» SUPPLIED DATA:
########################################
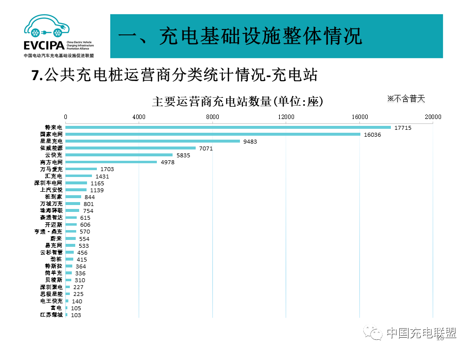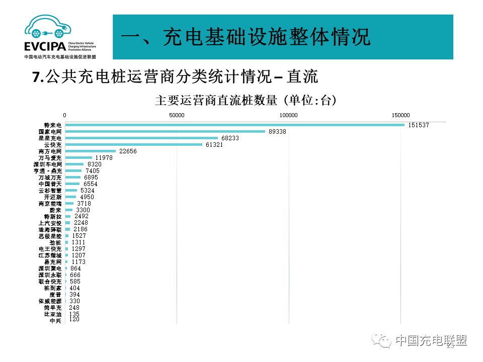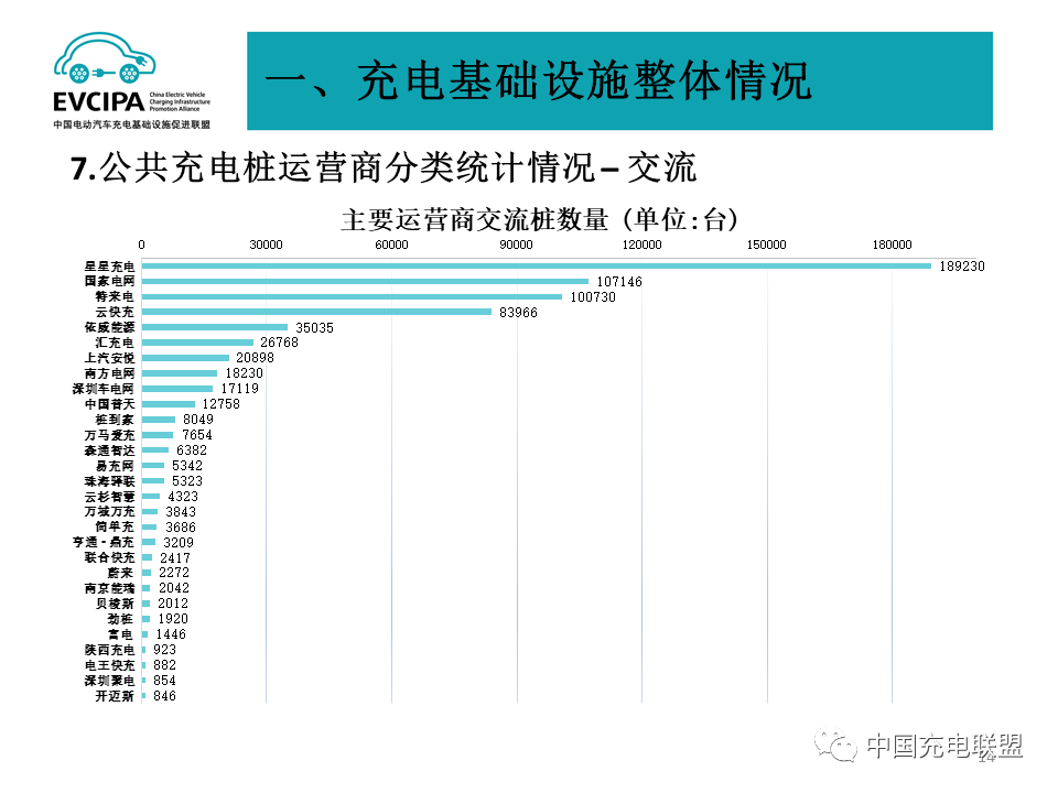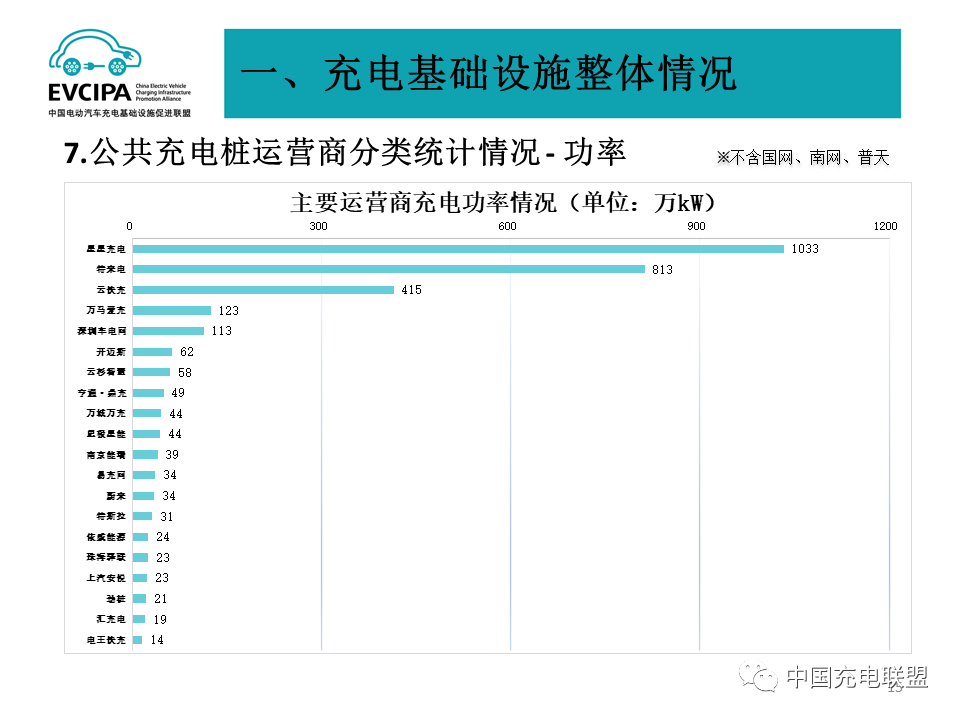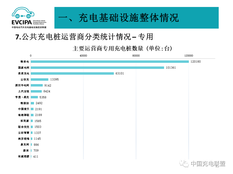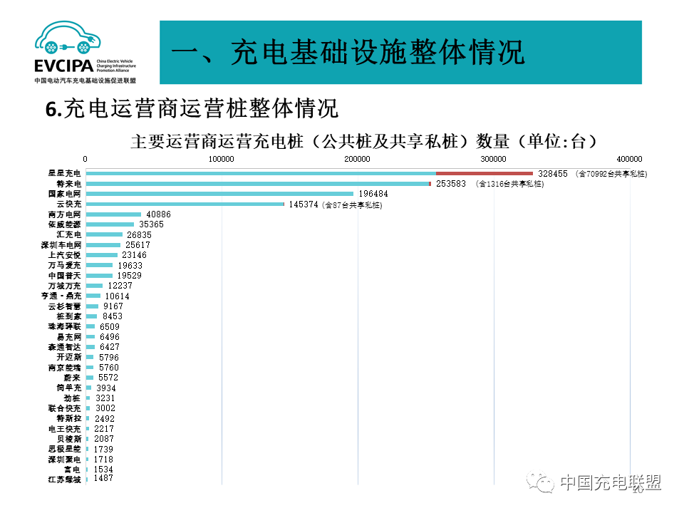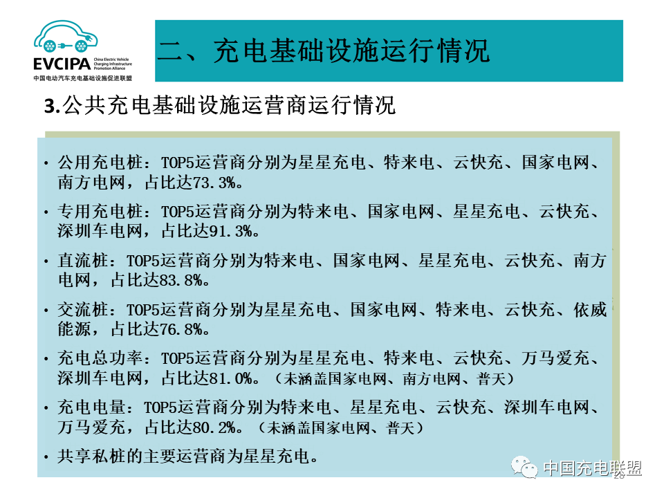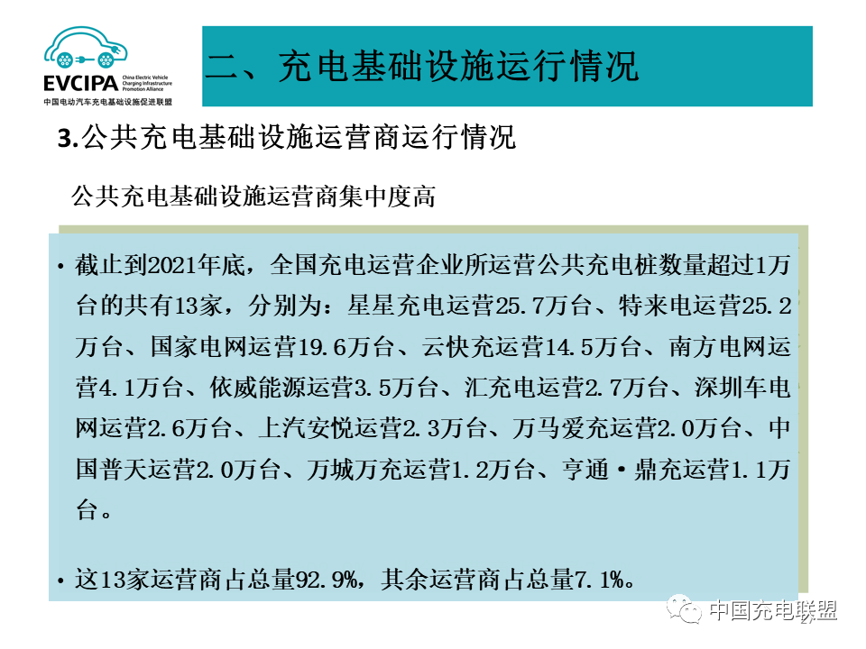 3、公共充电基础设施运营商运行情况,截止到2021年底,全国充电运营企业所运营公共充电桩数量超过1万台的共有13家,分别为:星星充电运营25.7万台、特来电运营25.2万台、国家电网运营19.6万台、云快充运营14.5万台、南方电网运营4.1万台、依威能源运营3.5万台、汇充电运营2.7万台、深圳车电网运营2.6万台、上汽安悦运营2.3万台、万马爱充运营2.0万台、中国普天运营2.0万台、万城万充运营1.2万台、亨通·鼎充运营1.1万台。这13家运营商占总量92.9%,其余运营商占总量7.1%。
########################################
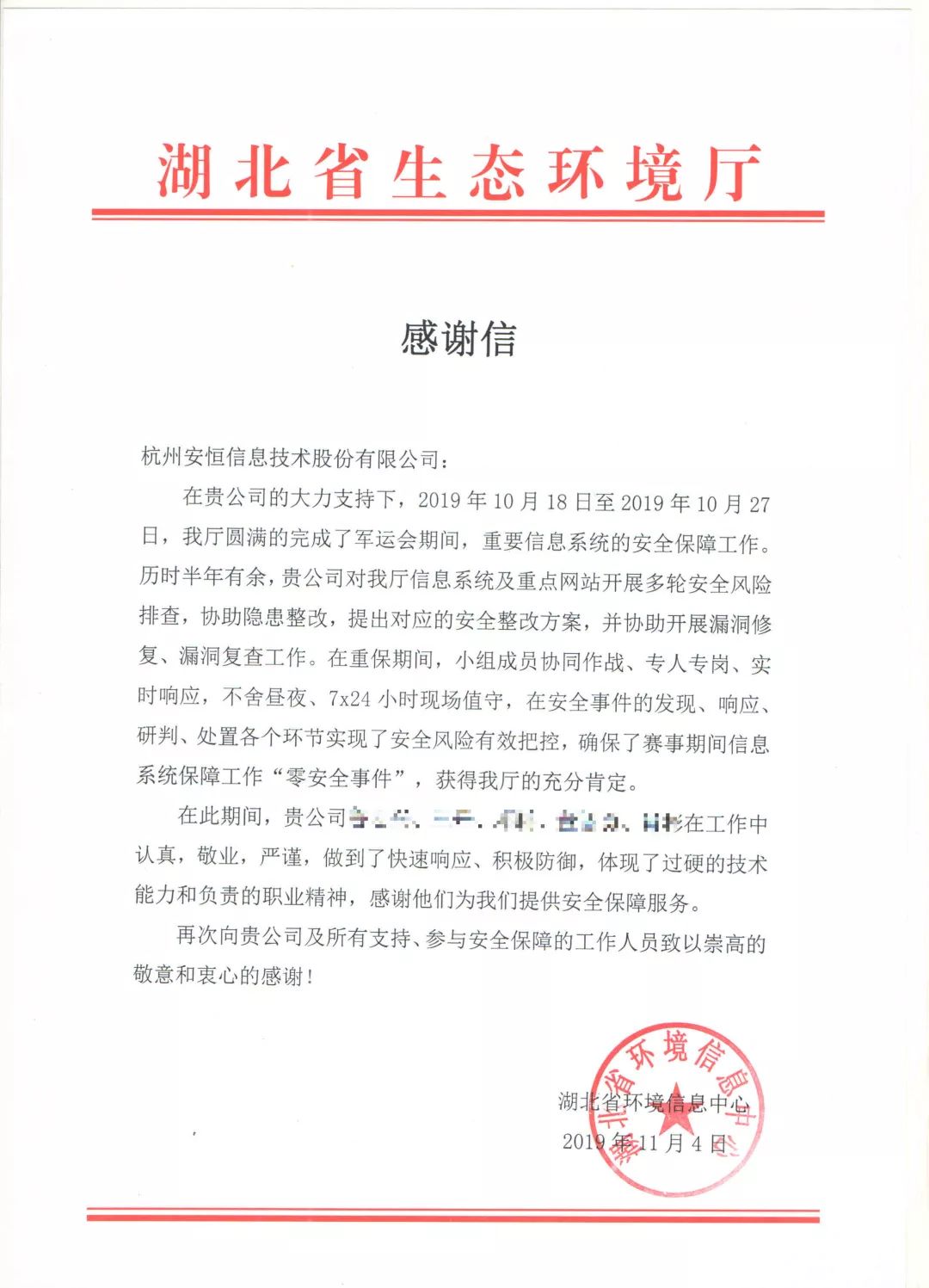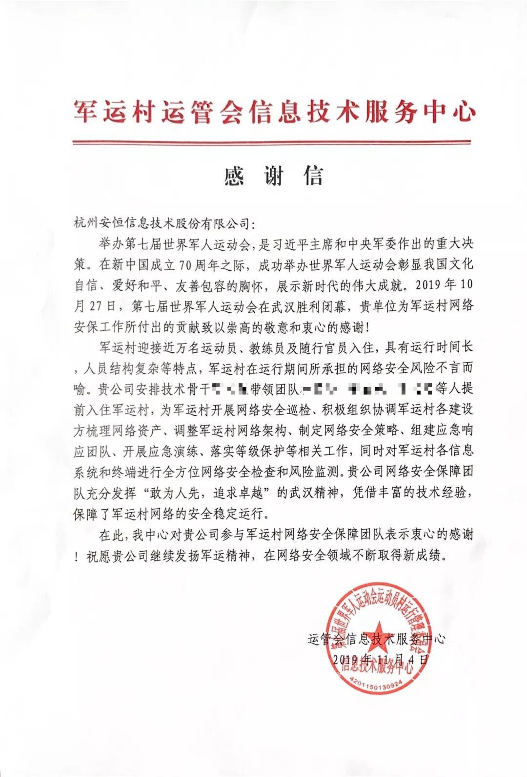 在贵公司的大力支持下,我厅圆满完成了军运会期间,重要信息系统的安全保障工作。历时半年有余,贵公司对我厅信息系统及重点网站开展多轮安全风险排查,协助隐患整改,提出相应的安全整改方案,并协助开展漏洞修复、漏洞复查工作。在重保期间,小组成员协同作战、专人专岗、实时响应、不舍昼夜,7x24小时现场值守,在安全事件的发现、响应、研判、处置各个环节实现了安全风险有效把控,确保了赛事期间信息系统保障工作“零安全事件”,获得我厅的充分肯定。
########################################
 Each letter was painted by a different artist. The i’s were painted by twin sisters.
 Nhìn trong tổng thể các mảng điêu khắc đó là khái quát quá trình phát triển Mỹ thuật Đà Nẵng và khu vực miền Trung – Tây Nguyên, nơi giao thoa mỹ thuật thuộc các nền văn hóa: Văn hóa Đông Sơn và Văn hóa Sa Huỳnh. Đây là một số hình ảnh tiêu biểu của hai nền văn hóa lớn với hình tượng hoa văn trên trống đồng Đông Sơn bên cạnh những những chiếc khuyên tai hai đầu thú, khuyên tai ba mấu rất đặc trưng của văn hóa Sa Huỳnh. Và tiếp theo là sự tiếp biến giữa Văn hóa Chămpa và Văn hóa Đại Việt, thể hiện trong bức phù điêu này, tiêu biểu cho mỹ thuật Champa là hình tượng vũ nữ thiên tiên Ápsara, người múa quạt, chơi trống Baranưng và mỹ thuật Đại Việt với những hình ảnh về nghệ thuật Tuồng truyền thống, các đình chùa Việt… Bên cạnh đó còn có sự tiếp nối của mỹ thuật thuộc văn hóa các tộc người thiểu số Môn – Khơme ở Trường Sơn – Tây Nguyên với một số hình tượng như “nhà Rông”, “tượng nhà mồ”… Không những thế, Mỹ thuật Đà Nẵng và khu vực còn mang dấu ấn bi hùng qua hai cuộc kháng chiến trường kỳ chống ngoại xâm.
########################################
» WORK ORDER:
Going down the listing above, begin printing at the line with "Each letter was" and finish with the line with "Nhìn trong tổng", exactly as they appear.

» RESPONSE BOX:
 Each letter was painted by a different artist. The i’s were painted by twin sisters.
 Nhìn trong tổng thể các mảng điêu khắc đó là khái quát quá trình phát triển Mỹ thuật Đà Nẵng và khu vực miền Trung – Tây Nguyên, nơi giao thoa mỹ thuật thuộc các nền văn hóa: Văn hóa Đông Sơn và Văn hóa Sa Huỳnh. Đây là một số hình ảnh tiêu biểu của hai nền văn hóa lớn với hình tượng hoa văn trên trống đồng Đông Sơn bên cạnh những những chiếc khuyên tai hai đầu thú, khuyên tai ba mấu rất đặc trưng của văn hóa Sa Huỳnh. Và tiếp theo là sự tiếp biến giữa Văn hóa Chămpa và Văn hóa Đại Việt, thể hiện trong bức phù điêu này, tiêu biểu cho mỹ thuật Champa là hình tượng vũ nữ thiên tiên Ápsara, người múa quạt, chơi trống Baranưng và mỹ thuật Đại Việt với những hình ảnh về nghệ thuật Tuồng truyền thống, các đình chùa Việt… Bên cạnh đó còn có sự tiếp nối của mỹ thuật thuộc văn hóa các tộc người thiểu số Môn – Khơme ở Trường Sơn – Tây Nguyên với một số hình tượng như “nhà Rông”, “tượng nhà mồ”… Không những thế, Mỹ thuật Đà Nẵng và khu vực còn mang dấu ấn bi hùng qua hai cuộc kháng chiến trường kỳ chống ngoại xâm.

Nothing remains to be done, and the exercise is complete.